◆ Dataset content

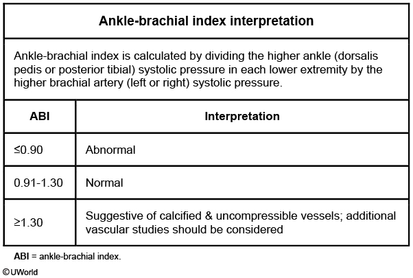 Patients with an ABI > 1.3 have noncompressible vessels indicative of severe arterial disease from calcified arteries. This is often seen in patients with diabetes and concomitant medial artery calcification.
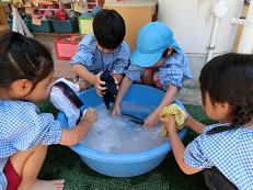 そこで・・・みんなでじゃぶじゃぶお洗濯。水の感触、服がきれいになる感覚、とっても気持ちよかったですね!
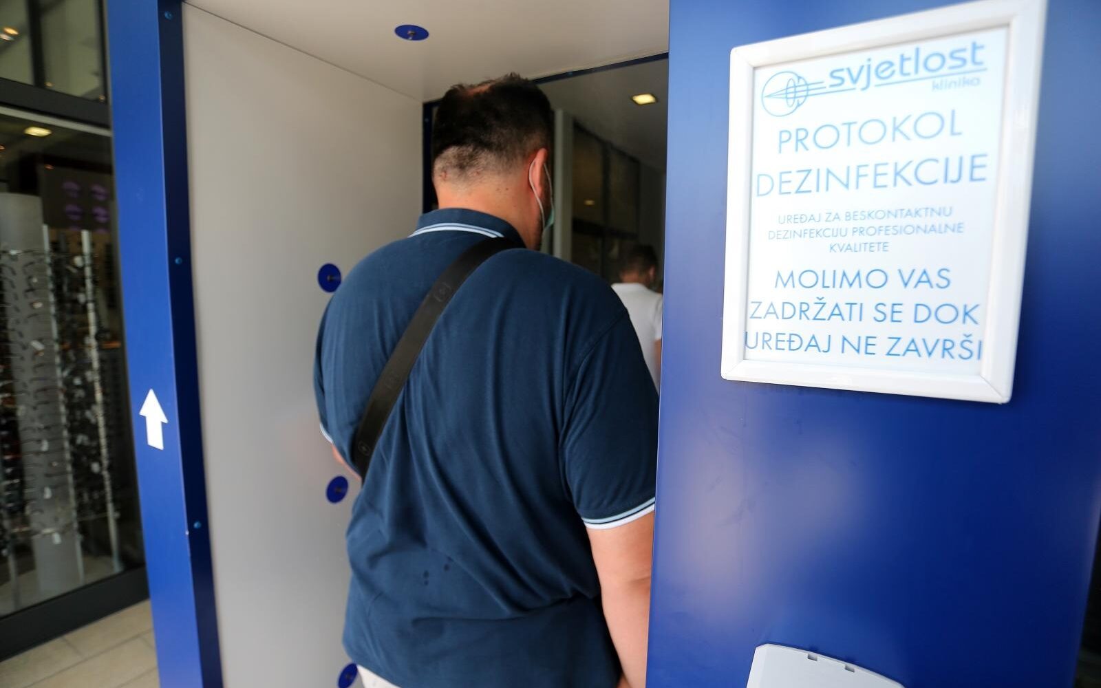 Izgleda kao detektor za metal, no ima posve drukčiju ulogu. Prvi dezinfekcijski tunel u Hrvatskoj predstavljen je danas u klinici Svjetlost u Heinzelovoj, a funckionira sasvim jednostavno. Sve što je potrebno je stati unutra, a raspršivač ugrađen u šarke “tunela” automatski prska dezificijens po cijelom tijelu. A cijeli postupak traje sedam sekundi. Smješten je na ulazu klinike Svjetlosti a uskoro će, kaže za Večernji list osnivač i ravnatelj Nikica Gabrić, stići i u ostale njene podružnice u Hrvatskoj i Europi.

◆ About this exercise
Recopy the full listing exactly, passing over any picture.

◆ Solution to this problem
 Patients with an ABI > 1.3 have noncompressible vessels indicative of severe arterial disease from calcified arteries. This is often seen in patients with diabetes and concomitant medial artery calcification.
 そこで・・・みんなでじゃぶじゃぶお洗濯。水の感触、服がきれいになる感覚、とっても気持ちよかったですね!
 Izgleda kao detektor za metal, no ima posve drukčiju ulogu. Prvi dezinfekcijski tunel u Hrvatskoj predstavljen je danas u klinici Svjetlost u Heinzelovoj, a funckionira sasvim jednostavno. Sve što je potrebno je stati unutra, a raspršivač ugrađen u šarke “tunela” automatski prska dezificijens po cijelom tijelu. A cijeli postupak traje sedam sekundi. Smješten je na ulazu klinike Svjetlosti a uskoro će, kaže za Večernji list osnivač i ravnatelj Nikica Gabrić, stići i u ostale njene podružnice u Hrvatskoj i Europi.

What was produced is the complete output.